While we could identify specific regions where individual VIs provided a maximum sensitivity, we also found variation in this sensitivity. Although we identified studies that highlighted the potential of specific VIs for drought monitoring, we also found other studies reporting low R2 (R2 < 0.50) for the same VIs and wavelengths. Thus, there are undeniable limitations to identifying vegetation health using VIs under drought stress.
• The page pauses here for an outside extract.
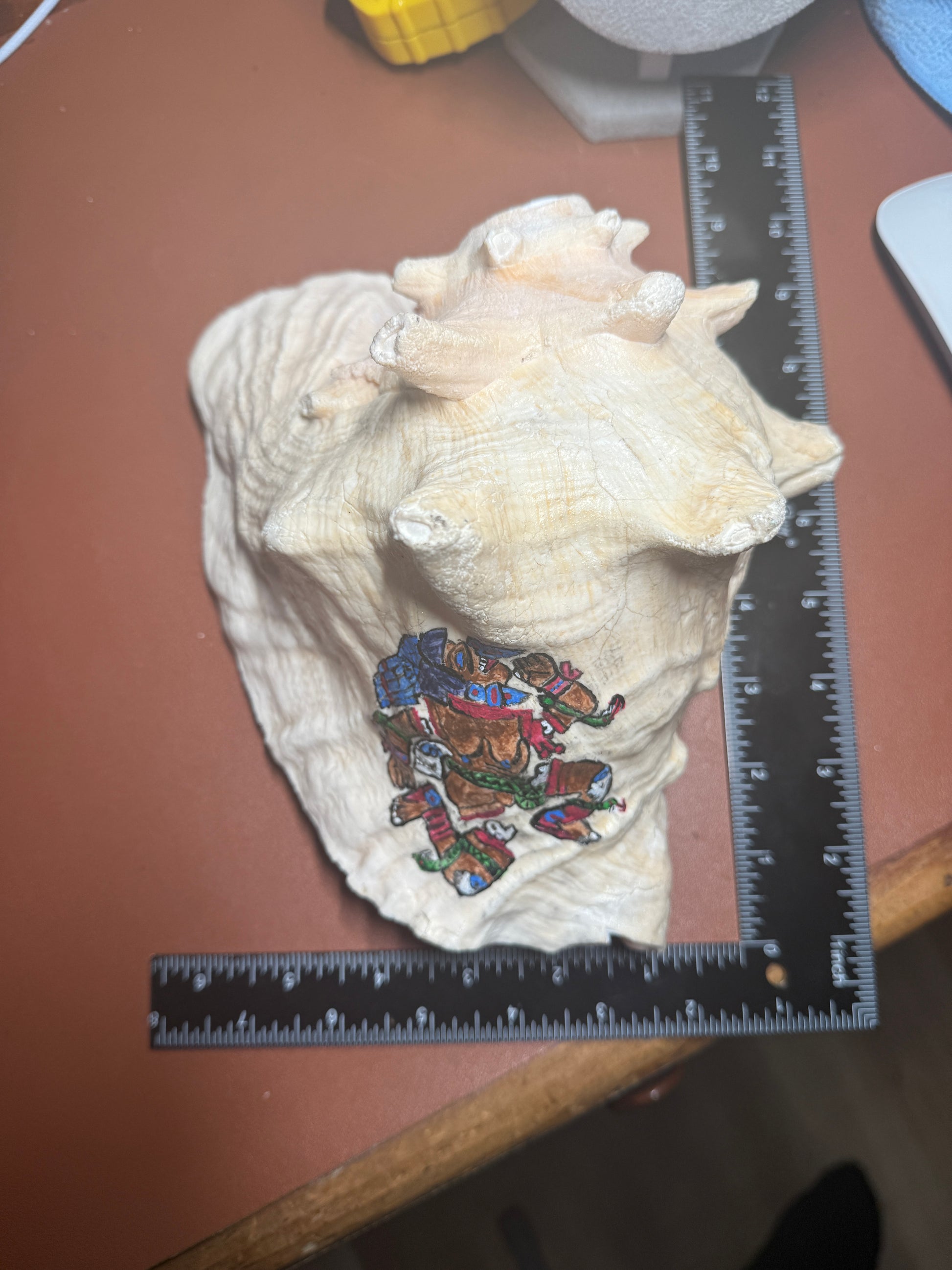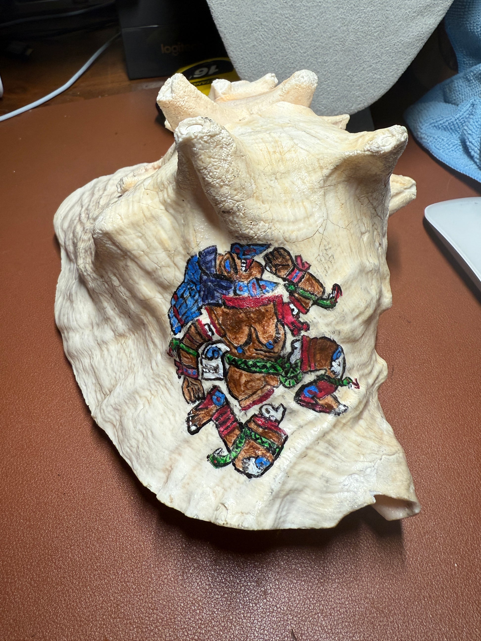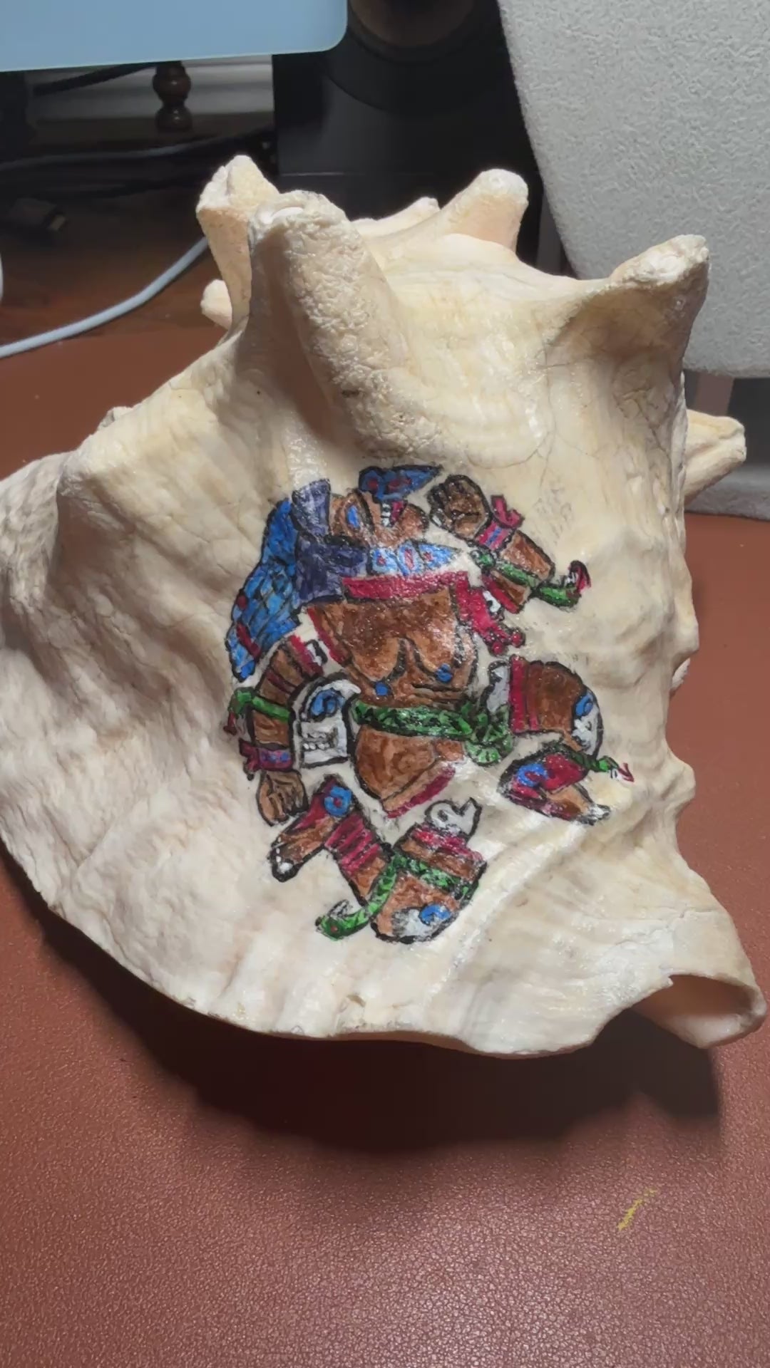 Large Aztec Coyolxauhqui Conch trumpet, playable, Moon Milky Way Goddess, Shell Horn, 9", Mexican

3.2. Spectral Signatures of Plant Traits under Drought and Salinity Stress

The reviewed studies focusing on plant trait signals showed that these crop responses were not constrained to specific wavelengths. Biomass, photosynthesis, water, and osmosis clusters of traits were identified across the full spectral range. These clusters showed few spectral patterns, even for those traits clusters that were supposedly directly measurable by RS (Figure 4). The only recognizable trends concern the osmosis traits cluster (with a significant response to salinity stress), with a slight tendency to occur more frequently at 550–750 nm, and the biomass traits and water traits occurring at 1400–1850 nm. In as far as the few observations for drought do allow, those patterns did not seem to deviate much from those for salinity (Figure 4).
Moreover, while plant traits are more directly related to plant functioning and thus to stress, the correlations between the plant traits and the (drought and salinity) stress were not necessarily stronger (Figure 5). Biomass traits showed to have high R2 value to salinity stress at around 720 nm (R2max = 0.74), 1300–1800 nm (R2max = 0.88), and around 2500 nm (R2max = 0.88). Photosynthesis traits had high R2 values at 710 nm (R2max = 0.97), 800 nm (R2max = 0.89), 1200 nm, and around 2500 nm (R2max = 0.75). Interestingly, for both biomass and photosynthesis traits, the indirectly derived plant traits had generally higher R2 values than the directly measurable RS traits. For water traits, we found different patterns from for biomass traits and photosynthesis traits, with high R2 widely distributed between 500 and 2500 nm (R2max = 0.78). While high R2 peaked in the 600–800 nm range, they were also highly variable (0.02 ≤ R2 ≤ 0.78). In contrast, osmosis traits (only indirectly retrievable) showed a very promising performance (all with R2 > 0.50) across the entire region of 500–2300 nm. Thus, it seemed that osmosis traits were most directly related to salinity stress responses.
For drought stress, the number of studies that presented the wavelengths they used was too limited to draw clear conclusions. In general though, neither the range of R2 values nor the wavelengths at which traits responded to drought stress deviated much from those for salinity stress.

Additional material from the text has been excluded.